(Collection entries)
======

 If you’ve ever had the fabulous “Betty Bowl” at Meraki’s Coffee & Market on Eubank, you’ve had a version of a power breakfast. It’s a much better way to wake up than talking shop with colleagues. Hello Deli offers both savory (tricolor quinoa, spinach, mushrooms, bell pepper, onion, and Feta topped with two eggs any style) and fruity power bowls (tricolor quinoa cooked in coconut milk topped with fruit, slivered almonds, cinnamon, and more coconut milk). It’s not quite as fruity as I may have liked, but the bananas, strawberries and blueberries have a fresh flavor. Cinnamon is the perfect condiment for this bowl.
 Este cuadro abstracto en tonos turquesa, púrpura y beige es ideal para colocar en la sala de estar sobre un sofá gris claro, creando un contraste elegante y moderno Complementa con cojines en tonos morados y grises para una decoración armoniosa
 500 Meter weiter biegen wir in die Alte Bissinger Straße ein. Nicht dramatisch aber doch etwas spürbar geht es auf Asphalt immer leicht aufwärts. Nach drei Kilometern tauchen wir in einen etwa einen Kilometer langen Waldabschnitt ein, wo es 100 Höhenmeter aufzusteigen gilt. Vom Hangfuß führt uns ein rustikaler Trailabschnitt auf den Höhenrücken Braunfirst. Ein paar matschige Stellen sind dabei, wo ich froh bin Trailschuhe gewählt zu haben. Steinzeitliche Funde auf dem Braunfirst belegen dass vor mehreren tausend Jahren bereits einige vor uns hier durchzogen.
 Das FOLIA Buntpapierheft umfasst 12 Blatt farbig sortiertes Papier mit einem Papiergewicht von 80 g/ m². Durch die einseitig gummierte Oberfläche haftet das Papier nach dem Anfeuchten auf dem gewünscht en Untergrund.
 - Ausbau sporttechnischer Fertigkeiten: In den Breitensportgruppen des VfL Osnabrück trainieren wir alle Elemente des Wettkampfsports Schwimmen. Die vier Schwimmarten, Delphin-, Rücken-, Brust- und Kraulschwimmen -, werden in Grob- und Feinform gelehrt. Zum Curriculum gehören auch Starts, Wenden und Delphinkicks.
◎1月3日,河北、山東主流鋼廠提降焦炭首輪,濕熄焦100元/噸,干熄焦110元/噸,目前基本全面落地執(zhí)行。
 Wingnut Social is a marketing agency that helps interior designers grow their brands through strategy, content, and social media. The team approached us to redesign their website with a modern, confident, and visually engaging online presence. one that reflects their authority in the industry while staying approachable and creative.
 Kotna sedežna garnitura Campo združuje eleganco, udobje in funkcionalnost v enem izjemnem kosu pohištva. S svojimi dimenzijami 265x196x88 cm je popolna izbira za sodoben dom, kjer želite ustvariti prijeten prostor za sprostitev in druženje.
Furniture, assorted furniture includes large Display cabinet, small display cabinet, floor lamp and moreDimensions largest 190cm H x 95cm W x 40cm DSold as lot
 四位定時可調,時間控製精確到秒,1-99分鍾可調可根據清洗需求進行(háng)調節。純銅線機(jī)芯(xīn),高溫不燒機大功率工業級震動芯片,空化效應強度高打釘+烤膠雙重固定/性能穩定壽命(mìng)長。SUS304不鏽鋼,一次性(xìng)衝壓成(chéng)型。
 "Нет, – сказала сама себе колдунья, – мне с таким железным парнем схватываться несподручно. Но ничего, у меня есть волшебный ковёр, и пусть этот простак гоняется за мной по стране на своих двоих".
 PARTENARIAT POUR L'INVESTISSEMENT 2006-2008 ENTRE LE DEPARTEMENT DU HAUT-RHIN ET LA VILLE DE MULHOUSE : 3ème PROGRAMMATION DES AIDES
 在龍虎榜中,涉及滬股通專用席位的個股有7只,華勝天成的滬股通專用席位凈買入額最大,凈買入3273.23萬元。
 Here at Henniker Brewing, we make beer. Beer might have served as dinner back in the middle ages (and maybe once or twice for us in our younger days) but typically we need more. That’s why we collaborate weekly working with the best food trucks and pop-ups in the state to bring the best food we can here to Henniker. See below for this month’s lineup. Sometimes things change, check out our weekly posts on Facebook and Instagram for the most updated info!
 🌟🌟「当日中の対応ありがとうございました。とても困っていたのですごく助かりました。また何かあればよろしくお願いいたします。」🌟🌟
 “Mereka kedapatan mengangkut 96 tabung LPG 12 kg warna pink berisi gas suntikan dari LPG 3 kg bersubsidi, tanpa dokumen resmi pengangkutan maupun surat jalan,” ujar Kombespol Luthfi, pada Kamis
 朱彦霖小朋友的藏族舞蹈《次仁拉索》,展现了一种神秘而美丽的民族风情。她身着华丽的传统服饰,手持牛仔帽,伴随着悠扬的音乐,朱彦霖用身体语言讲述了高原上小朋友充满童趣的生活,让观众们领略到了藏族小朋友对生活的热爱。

======

TASK DIRECTIONS: Look above for the line with "Das FOLIA Buntpapierheft" and the line with "在龍虎榜中,涉及滬股通專用席". Retype those two lines and every line between them exactly, adding nothing.

RESPONSE:
 Das FOLIA Buntpapierheft umfasst 12 Blatt farbig sortiertes Papier mit einem Papiergewicht von 80 g/ m². Durch die einseitig gummierte Oberfläche haftet das Papier nach dem Anfeuchten auf dem gewünscht en Untergrund.
 - Ausbau sporttechnischer Fertigkeiten: In den Breitensportgruppen des VfL Osnabrück trainieren wir alle Elemente des Wettkampfsports Schwimmen. Die vier Schwimmarten, Delphin-, Rücken-, Brust- und Kraulschwimmen -, werden in Grob- und Feinform gelehrt. Zum Curriculum gehören auch Starts, Wenden und Delphinkicks.
◎1月3日,河北、山東主流鋼廠提降焦炭首輪,濕熄焦100元/噸,干熄焦110元/噸,目前基本全面落地執(zhí)行。
 Wingnut Social is a marketing agency that helps interior designers grow their brands through strategy, content, and social media. The team approached us to redesign their website with a modern, confident, and visually engaging online presence. one that reflects their authority in the industry while staying approachable and creative.
 Kotna sedežna garnitura Campo združuje eleganco, udobje in funkcionalnost v enem izjemnem kosu pohištva. S svojimi dimenzijami 265x196x88 cm je popolna izbira za sodoben dom, kjer želite ustvariti prijeten prostor za sprostitev in druženje.
Furniture, assorted furniture includes large Display cabinet, small display cabinet, floor lamp and moreDimensions largest 190cm H x 95cm W x 40cm DSold as lot
 四位定時可調,時間控製精確到秒,1-99分鍾可調可根據清洗需求進行(háng)調節。純銅線機(jī)芯(xīn),高溫不燒機大功率工業級震動芯片,空化效應強度高打釘+烤膠雙重固定/性能穩定壽命(mìng)長。SUS304不鏽鋼,一次性(xìng)衝壓成(chéng)型。
 "Нет, – сказала сама себе колдунья, – мне с таким железным парнем схватываться несподручно. Но ничего, у меня есть волшебный ковёр, и пусть этот простак гоняется за мной по стране на своих двоих".
 PARTENARIAT POUR L'INVESTISSEMENT 2006-2008 ENTRE LE DEPARTEMENT DU HAUT-RHIN ET LA VILLE DE MULHOUSE : 3ème PROGRAMMATION DES AIDES
 在龍虎榜中,涉及滬股通專用席位的個股有7只,華勝天成的滬股通專用席位凈買入額最大,凈買入3273.23萬元。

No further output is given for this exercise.